Afin de préserver cet aspect positif, il
serait possible de développer le concept de la "dakhla du bac sport"
sans organiser l’épreuve d’éducation physique de fin d’année. Cela pourrait se
faire via des projets artistiques, sportifs et culturels, en appliquant la
pédagogie de projet.( on pourrait tirer les leçons de l’échec d’anciennes
expériences du ministère, nous voulons parler de l’expérience des «
(apprentissages optionnels » (
2003/2006) ou de l’option de la
réalisation de projet ( 2006/2015)[7].
Des groupes d’élèves pourraient concevoir, préparer et réaliser leur projet
"dakhla" dès la troisième ou la quatrième année secondaire, encadrés
par des enseignants de différentes disciplines ( professeurs d’éducation
physique, de théâtre, de musique…) et
soutenus par les familles et les acteurs sociaux, économiques et culturels
locaux comme les maisons des jeunes ou d’autres institutions dans le cadre du
projet de l’établissement et en application du texte qui l’organise depuis 2004
( décret de la vie scolaire). Des prix régionaux et nationaux pourraient
récompenser les meilleures réalisations présentées lors des célébrations
scolaires de fin d’année.
Dr. Mustapha Chikh Zaouali, Conseiller
général, expert de la vie scolaire
Traduction Mongi Akrout ,
inspecteur général de l’éducation retraité
Pour accéder à
la version Arabe cliquer ICI
[1] Publié initialement le 22 avril
2024 à « Jollanar »(https://inforum-jollanar.com)
[2] Selon Bauman, la modernité a évolué
d'un état "solide" (stable, prévisible, structuré)
vers un état "liquide" (fluide, incertain, mouvant).
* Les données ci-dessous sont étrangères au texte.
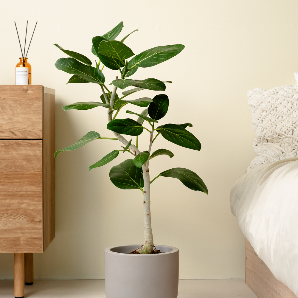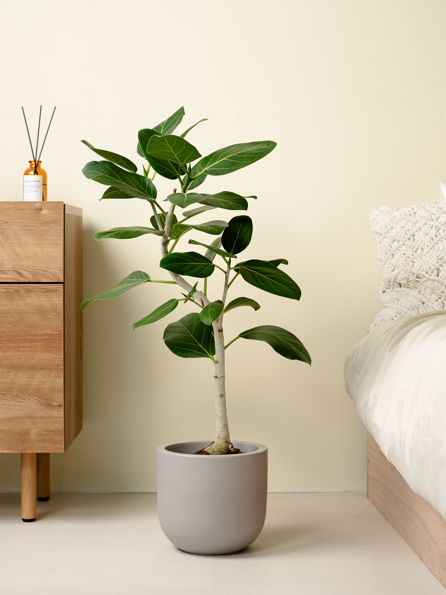 フィカスベンガレンシスは、濃い緑の葉と白い幹のコントラストが美しい観葉植物です。「永遠の幸せ」という花言葉があるので、ギフトに最適です。どんなお部屋にも相性が良く、育てやすいので初心者の方にもおすすめです。
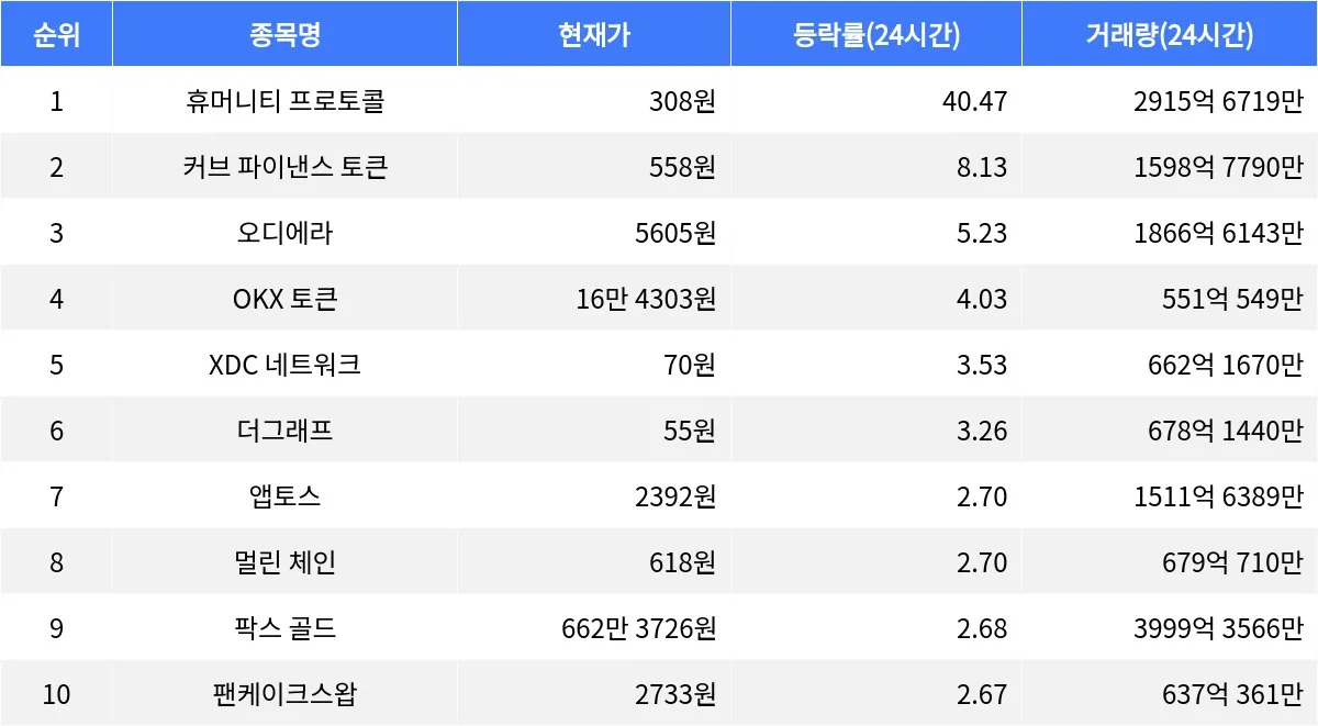 글로벌 가상자산 시황 중계 사이트 코인마켓캡(CoinMarketCap)에 따르면, 암호화폐 시장에서 휴머니티 프로토콜이 24시간 동안 40.47% 상승하며 가장 높은 등락률을 기록했다. 현재 휴머니티 프로토콜은 308원에 거래되고 있으며, 24시간 동안 2915억 6719만 원의 거래량을 보였다. 1시간 동안 2.52% 상승하며 단기 상승세를 이어가고 있다. 시가총액은 6793억 7166만 원으로 시가총액 순위 92위를 기록하고 있다.

[3] Comme notre position en faveur de
la suppression des collèges et des lycées pilotes dans 2 articles publiés à jollanar
(28 avril 2022 et le 22 juin 2022.
(https://inforum-jollanar.com)
[4] Les données de ce paragraphe et du paragraphe précédent sont tirées d’une étude sur le bac sport publiée par le blog pédagogique du 26 avril 2015
[5] https://www.guideparents.tn/article
[6] https://ar.espacemanager.com
[7] Nous avons étudié cette question
dans notre ouvrage « les enseignants et l’innovation », on peut
consulter la présentation de cet ouvrage de plume de Moncef Khemiri dans le blog pédagogique du 6 mars 2022 et
aussi le 1er chapitre le l’ouvrage dans le blog pédagogique (voir les 4 numéros successifs à partir du 29 janvier 2023).